Ve bu mücadelede kavramlar, silahlar kadar önemli midir?

Kesinlikle! Hatta daha önemlidir.

Türkiye’nin bu süreçte öneminden bahsettiniz, kitapta da bunu vurguluyorsunuz… Ve özellikle işaret ediyorsunuz, Türkiye’nin bir kuşatma altında olduğunu. Bu bağlamda iki sorum olacak. Bu kuşatma ne zaman başladı; Fırat Kalkanı ve Zeytin Dalı operasyonlarıyla bu kuşatma kırılabildi mi?

Osmanlı siyasi otoritesi dağıldıktan sonra kurulan Türkiye Cumhuriyeti aslında rehin alınmış bir devlettir. Özellikle 1950lerden sonra Atlantik eksenine demir atmış, iç politikalarından ekonomik politikalarına, devlet sisteminden istihbaratına, uluslararası ilişkilerinden bölge ile ilişkilerine, yakınlıklarına kadar tamamı Atlantik ekseni tarafından dizayn edilmiştir.

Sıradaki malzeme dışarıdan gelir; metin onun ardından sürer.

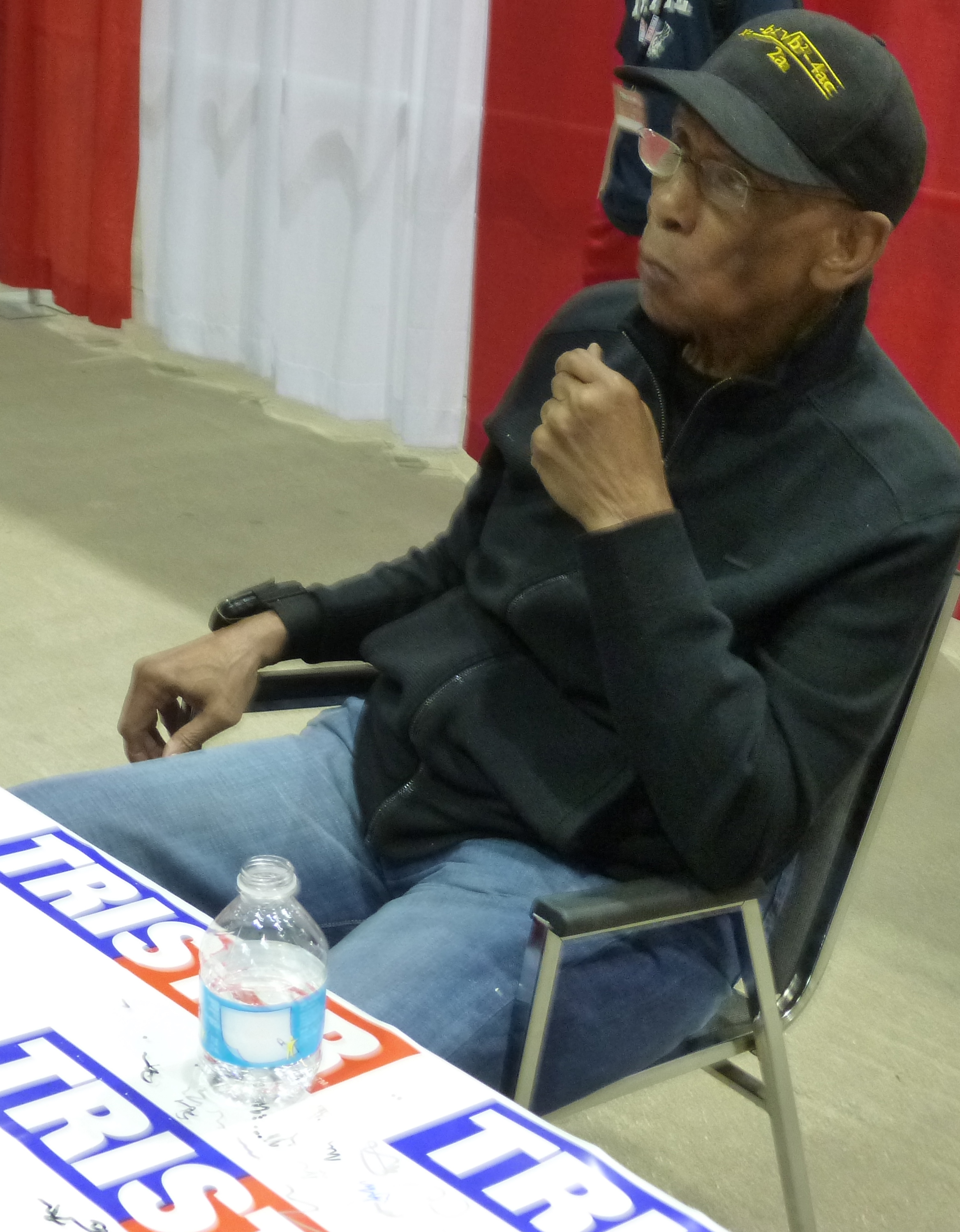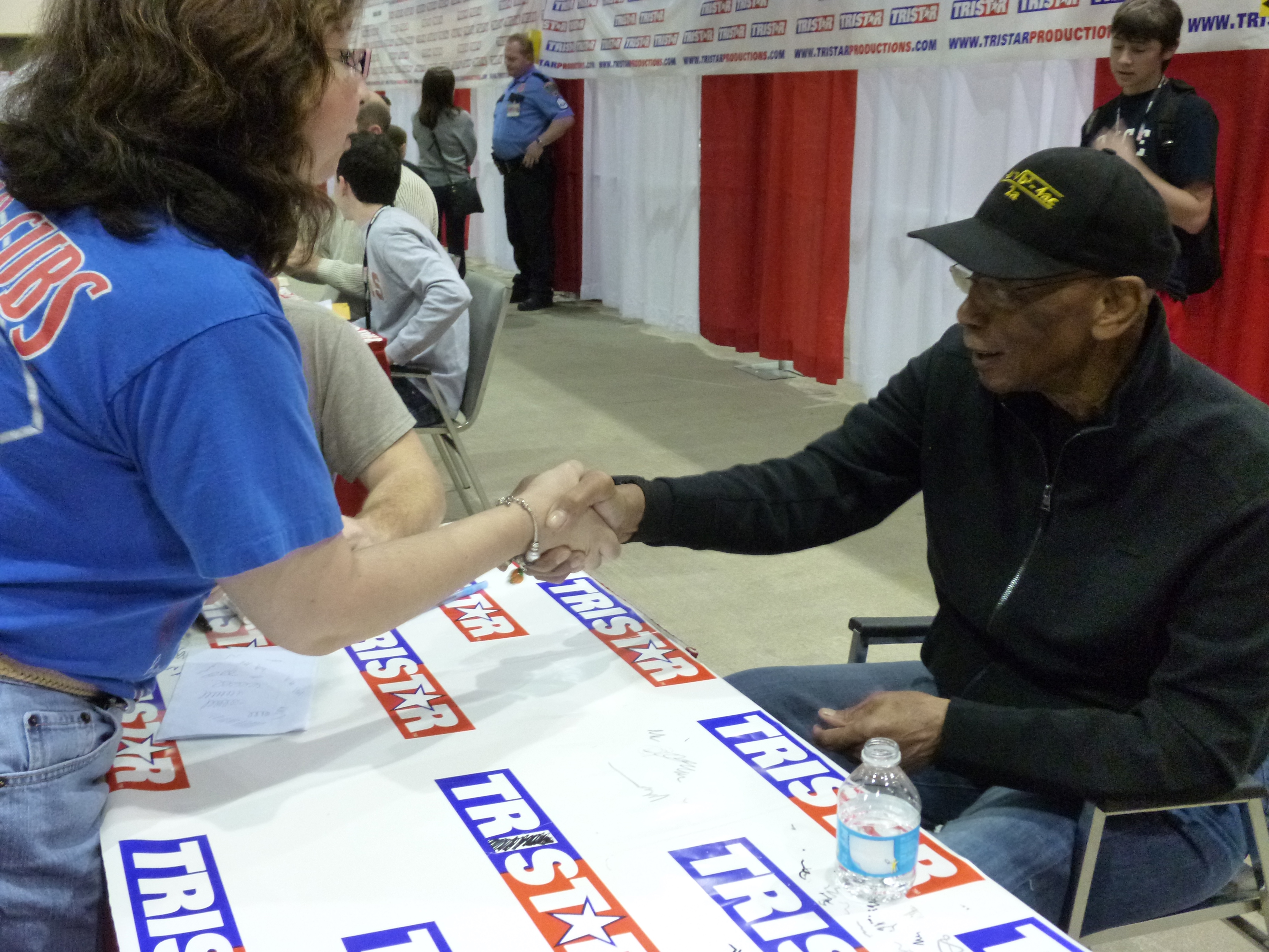 Ernie thanked me and told me it meant so much for him to know this. He motioned for me to come around the table and said he needed a hug. He hugged me so tight with both arms, while those who posed with him for pictures while I waited in line to speak to him received only one arm hugs or handshakes. He put his face right up against mine cheek to cheek & he thanked me several times with a hitch in his voice. He still had tears in his eyes & then he asked to see the picture that had been such a huge inspiration to me.

Avrupa ve Amerika tarafından tanımlanmıştır. Türkiye’nin şu anki mücadelesi bu eksenden bu vesayetten kurtulma mücadelesidir. Bu yeni bir İstiklal savaşıdır. Biz bu mücadeleyi vermeye başladığımız an eski dostlarımızın, müttefiklerimizin tamamı Türkiye karşıtı oldu. Amerika, Almanya, İngiltere, Fransa hepsi… Türkiye’nin karşısına dikildi ve Türkiye’ye yönelik terör örgütlerini bile açıktan desteklemeye başladılar. Neden? Çünkü Türkiye’nin kaderiyle, mücadelesiyle coğrafyanın mücadelesi aynıdır. Türkiye kontrolden çıktığı zaman coğrafya da kontrolden çıkar. Türkiye’yi kaybeden bütün coğrafyayı kaybedecek. Ve Türkiye kendi bağımsız duruşuna ulaşırsa –ki ulaşacak Allah’ın izniyle- Batılıların 100, 200 yıllık coğrafya denetimi sona erecek. Bu büyük bir kavga. Biz bunu gördük. 15 Temmuz’da bizi içeriden vurmaya çalıştılar. İşgal girişimleri başladı. Ve bunlar olmayınca bizi İran sınırından Akdeniz’e kadar kuşatmaya, çevrelemeye başladılar. Fırat Kalkanı ve Afrin operasyonları, bu büyük, çok uluslu kuşatmayı yarma girişimleridir. Biz artık savunmada olmayacağız. Türkiye klasik savunma yöntemlerini terk etti ve taarruz yöntemlerine geçti. Biz asla tehditleri sınırlarımızda karşılamayacağız artık. Başladığı yerde karşılayacağız. Bu anlamda dünya Türkiye’de taarruza dayalı bir savunma sistemi görecek. Fırat Kalkanı bunun ilk örneğidir, Afrin operasyonu ikinci örneğidir. Ve göreceksiniz, Fırat’ın doğusundan İran sınırına kadar, Irak’ın kuzeyinde aynı şey devam edecektir. Bunu bütün dünya da görecek.

Kazanacak mıyız?

Biz kazanacağız. Tarih döndü. Bunu herkesin çok iyi okuması lazım. Batı duraklama dönemine girdi. Doğu yükseliş dönemine girdi. Batı’nın bazı devletleri de çöküş dönemine girdi. Tam bu kritik zamanda biz büyük bir yükseliş dönemine girdik. Çünkü tarihin belirli evrelerine dikkat edin. Bazı milletler çöker, sonra tekrar ayağa kalkar. Bizim için Birinci Dünya Savaşı artık bugün bitti. Bizim için yeni bir yükseliş tarihi başladı. Dünyada öyle büyük kavgalar kopacak ki Batı tek başına bize müdahale etme fırsatı bulamayacak. Çünkü kendi içinde kavgalara tutulacak. Çin, Rusya, Avrupa ve Amerika arasında olağanüstü bir örtülü savaş yaşanıyor. Bunun nerede, hangi coğrafyada nasıl patlayacağını kimse öngöremez, bilemez ama bu patlayacak. Belki Doğu Avrupa’da, Baltıklarda patlayacak belki Doğu Asya’da, Pasifik’te belki de Avrupa’nın kendi içinde… Biz, bu konjonktürü kullanıyoruz. Bu bize olağan üstü bir hareket alanı sağlıyor. Dolayısıyla tarih bir kez döndüğü zaman öyle 3-5 yılda dönmez tekrar; yüzyıllar sürer. Bu bizim için yeni bir dönüş oldu. Bu yükseliş dönemi bizden sonraki kuşaklarla da devam edecek. O yüzden benim hiç tereddüttüm yok. Kazanacağız!